IKEA is a Swedish multinational company that deals in ready-to-assemble furniture, appliances, home accessories, and lighting products. It was founded in Sweden in 1943 as a small family business by Ingvar Kamprad to sell his father’s invention: the flat-pack desk.

The business has since grown into one of the most successful corporations in the world. It has over 300 stores worldwide operating out of more than 55 countries.

IKEA’s strengths include its low prices and wide selection of goods available for purchase, making it an attractive destination for budget shoppers looking to furnish their homes affordably while also providing a unique experience.

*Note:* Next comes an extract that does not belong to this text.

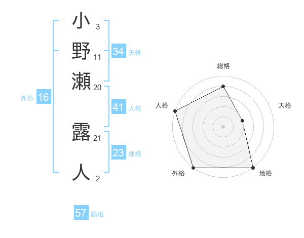 小野瀬 露人さんを姓名の画数から五運を鑑定

However, like any other business, IKEA has its share of strengths, weaknesses, opportunities, and threats facing it. Discussed below are each of t factors and how the company can navigate to emerge stronger.

IKEA’s Strengths

1. Affordability


One reason for IKEA’s success is affordability. Their furniture prices and home products are lower than other companies with similar products. Home furnishings sold by IKEA cost less than many competing brands but receive high consumer ratings for quality and durability.

This characteristic gives them a competitive advantage over other stores whose price points tend to be higher.

Affordable prices allow people to meet their furniture needs that they may not otherwise be able to get anywhere else or at other retailer companies competing with IKEA.

2. Uniqueness

One strategy that has worked for IKEA is the ability to renew its products without changing its core values. The uniqueness of IKEA lies in its ability to be a visionary organization, using creativity and innovation.

IKEA doesn’t just design any type of furniture. They specialize in products that are functional, affordable, of good quality, and are easily disassembled and reassembled. It’s through increased productivity that IKEA remains at the top by keeping its dominance over competitors.

3. Leading Brand

IKEA is a leading brand in the furniture industry. In 2020, the company was ranked as the most valuable furniture retail brand at almost 48.1 billion U.S. Dollars. It has successfully created an image for itself as one of the best companies to buy furniture from. The secret behind IKEA’s success lies with its loyal customers, who continue to give positive reviews about the company.

There are over 600 million visitors every year at its stores worldwide. They come from different social classes, nationalities, ethnic groups, and ages. All of them have shown great respect for this retail giant.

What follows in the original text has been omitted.